Words on the Word
Randomness & Order
Amos 3.1-12: Does the lion roar if no pray has been found?
Matthew 8.22-27: Even the winds and the sea obey him.
The prophet Amos presents a tidy vision of the world in terms of causes and effects. The lion finds its prey, so roars; a trap is set, so birds get caught. His concern is to show that everything happens for a reason, even frightful things. He asks: ‘Does misfortune come to a city if the Lord has not sent it?’ The answer he expects is ‘Of course not!’
Yet one hesitates. This sort of reasoning is a little too like that of Job’s friends; and the thrust of Job, that wondrous book, is to show its inadequacy.
Of this inadequacy we, citizens of the 21st century, are still more conscious than people were back then, in ancient Uz. Living in a world of balances upset ecologically, anthropologically, culturally, we are exposed to much randomness, haunted by the inconstant spectre of Artificial (or Inhuman) Intelligence. Who knows what it will lead to?
It is important, then, that we complement Amos’s vision with that of the Gospel.
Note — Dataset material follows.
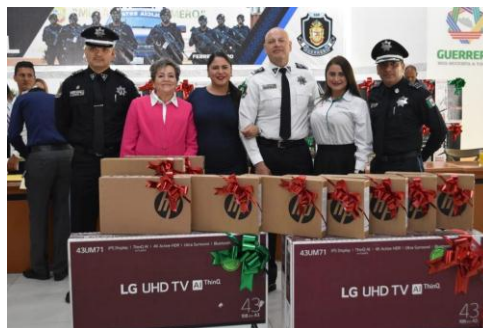
Entrega de reconocimientos a mujeres y hombres de la Policía Estatal en Chilpancingo

The incident of Christ’s rebuking the sea conveys a crucial message. It tells us that there is a supremely reasonable Power surpassing and commanding the elements even when these run out of control; and that this chaos-ordering Power is well-disposed to us, alert to our fears.
Do I place all my trust in Christ’s Lordship? Do I fully believe that he has not only my own little life but that of the whole world in his hand, directing all things through present perils towards a blessed goal?
The coherence of our Christian witness depends on our answers to these questions, and that holds whether we live in the cloister or out in the world.